The outside appearance does not show clearly that it has hatched. In fact this look was also present on my last Orchid ooth which hatched. When storing during diapause one must be careful not to leave it accessible to other insects that can bore into the ooth.


----------



## Rick (Apr 23, 2012)

It does resemble a hatched ooth, but like someone said I have seen that portion "lifted" on an unhatched ooth some of the time. Parasitic wasps often leave small round holes in the side of the ooth.


----------



## hibiscusmile (Apr 23, 2012)

They are wild caught, but cut it, it will have eggs inside.


----------



## agent A (Apr 23, 2012)

hibiscusmile said:


> They are wild caught, but cut it, it will have eggs inside.

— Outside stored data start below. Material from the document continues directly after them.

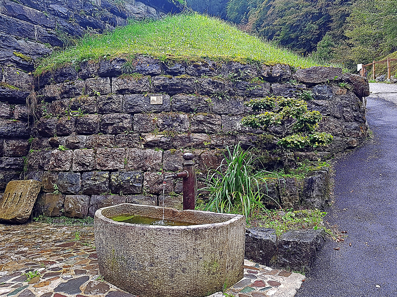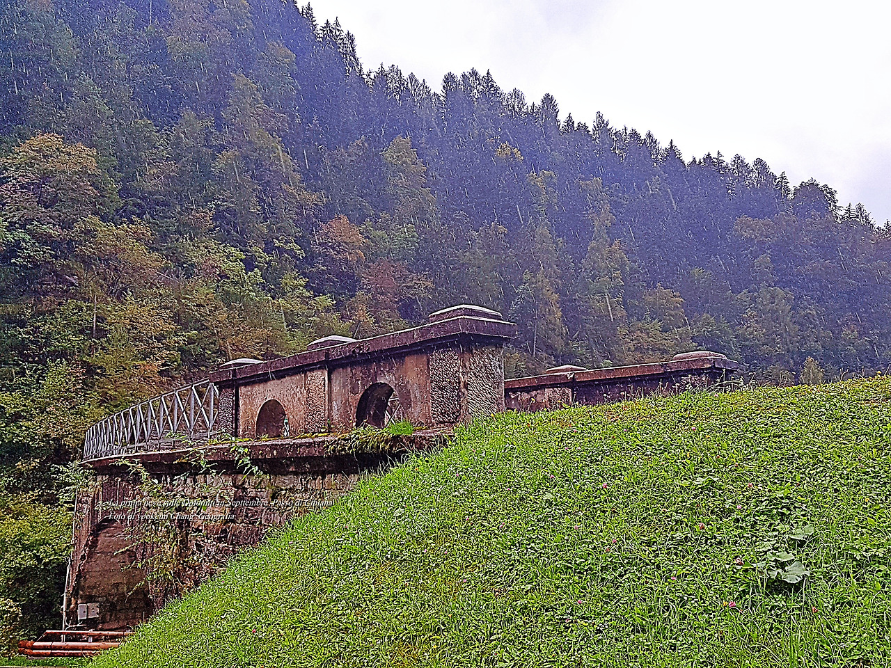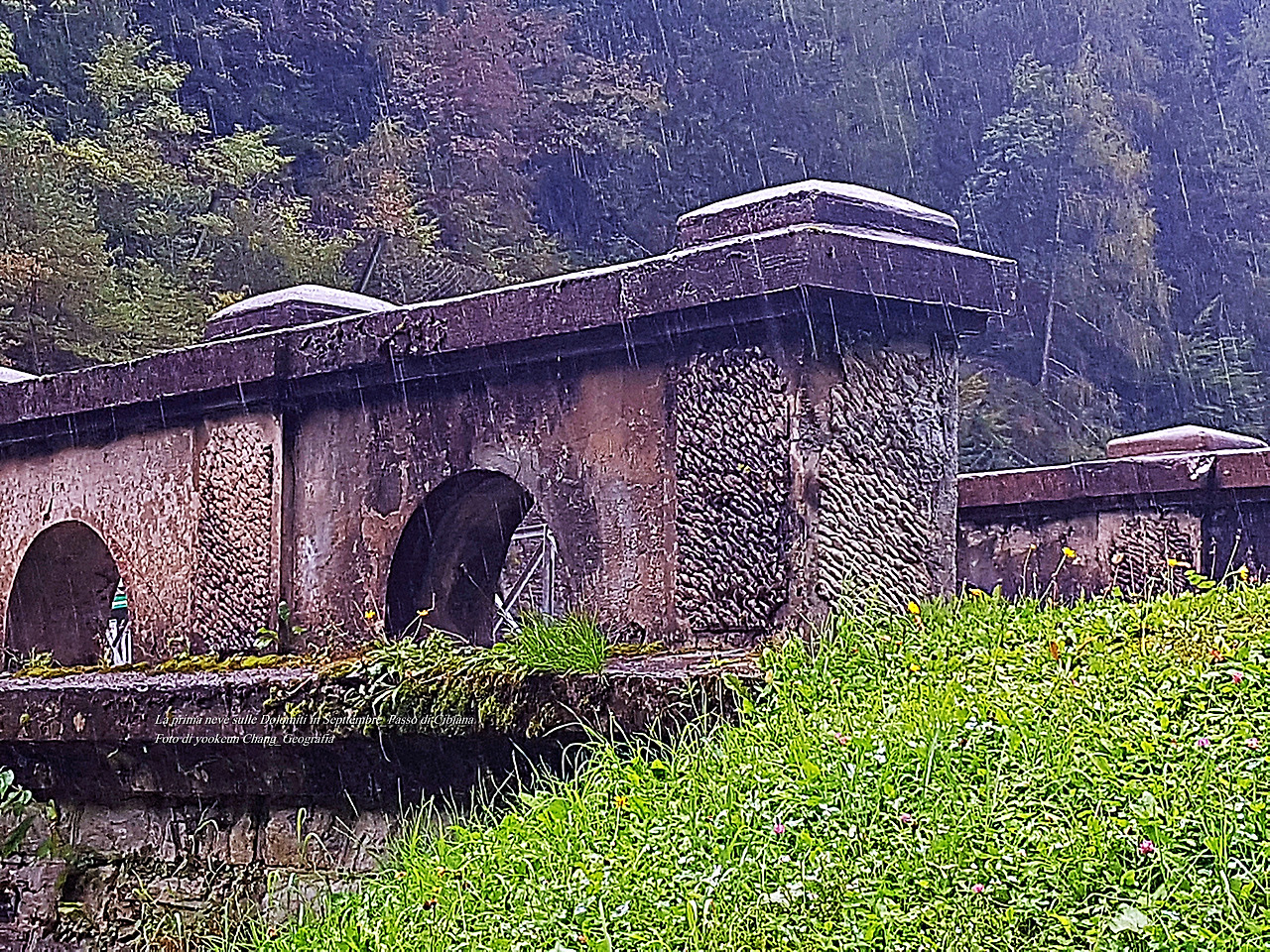 그리고 다음 날 비가 개일 것 같았지만 여전히 비가 오락가락하며 시꺼먼 구름들이 산등성이를 넘나들고 있었다. 그런 잠시 후 우리는 치비아나 디 까도레(Cibiana di Cadore)로 이어지는 국도변의 굴다리(눈여겨봐 두시기 바란다) 아래에 자동차를 주차해 두고 차콕하며 쉬고 있었다. 그곳은 잠시 비를 피하기 쉬운 곳일 뿐만 아니라 곁에 맑은 물이 쉼 없이 흐르는 수도꼭지가 있었다. 컵으로 물을 받아 마시니 한 순간에 속이 말갛게 변하는 것. 하니가 차콕을 하는 동안 나는 주변을 둘러보기로 했다.
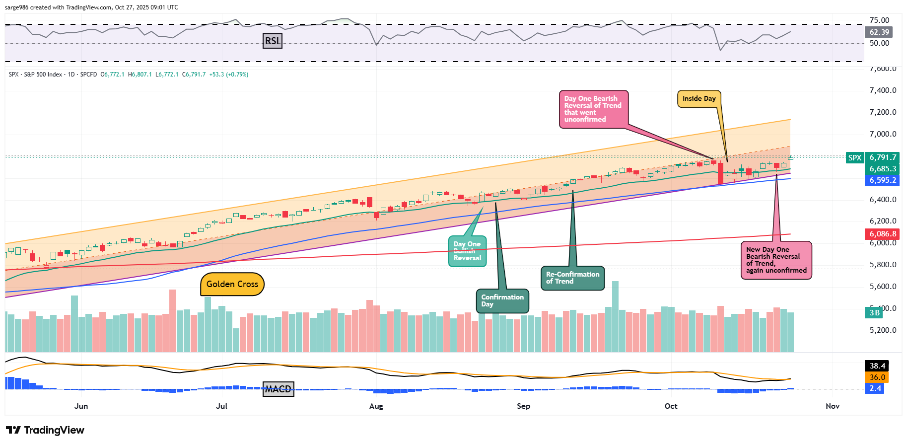 ​Last week, we discussed the "Inside Day" that occurred on Monday, Oct. 13 and how it had signaled a short-term decrease in volatility. Since that day, noted in yellow above, the S&P 500 has continued to work its way higher, despite two true (and three overall) failed attempts to confirm a "Day One" bearish reversal of trend. At this point, despite an honest attempt to shake investors out of this market in October, which was something we had predicted in this column, the S&P 500 remains on its bullish trek.
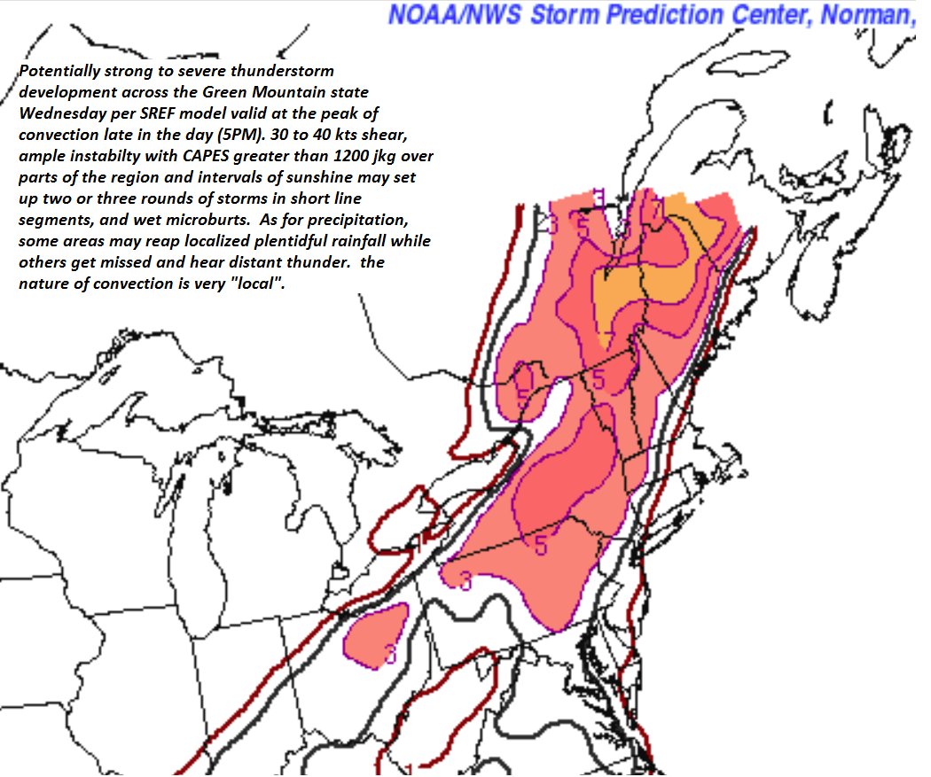 TOMORROW: Partial morning sun then more clouds. Warm and muggy. Showers and thunderstorms likely northern areas, late morning on…spreading south becoming more numerous in the afternoon. Some storms could be strong to locally severe, with gusty winds and hail. Practice lightning safety. A high in the low 80s. Southwest breeze 10 to 20 mph, stronger near Lake Champlain.
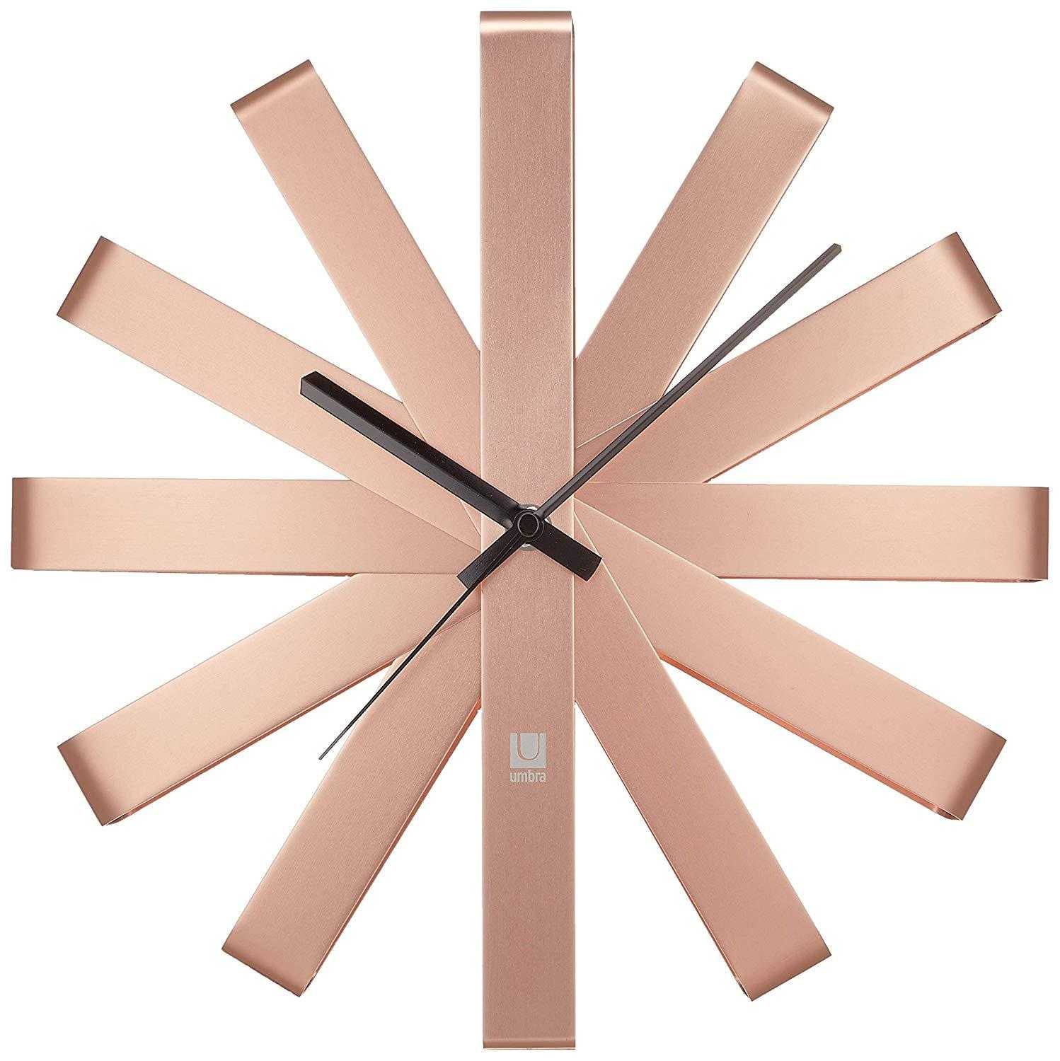 Интересный дизайнерский вариант в стиле бесшовный банд состоит из 6 длинных полос из металла шириной 2,2 см, выгнутых в замкнутую форму. Они соединены между собой посередине и образуют 12 концов, соответствующих 12 часам. Цифр нет. На полосе, соответствующей цифре 6 есть виден логотип компании. Стрелки для настенных часов выкрашены в красный цвет, кроме секундной, она — серая. Модель работает от 1 батарейки типа АА, которая входит в механизм, прикрепленный к задней части предмета интерьера. Без нее весит 614 г. Продавец выпускает часы в черном, сером, розовом и бледно-розовом цвете. Umbra Ribbon – стильный аксессуар для современного интерьера.

i'll take your word for it


----------



## hibiscusmile (Apr 23, 2012)

hummm, if so, why did u ask? I do lookie at them  for I send them u know, my eyes are not that bad! :lol: :whistling:


----------



## hibiscusmile (Apr 23, 2012)

hey A, what was the date on it? I noticed you said in feb, so by now, unless it was the very end of feb, it should be hatching soon.


----------



## agent A (Apr 24, 2012)

hibiscusmile said:


> hey A, what was the date on it? I noticed you said in feb, so by now, unless it was the very end of feb, it should be hatching soon.


But it was diapausing in a cool attic until last week


----------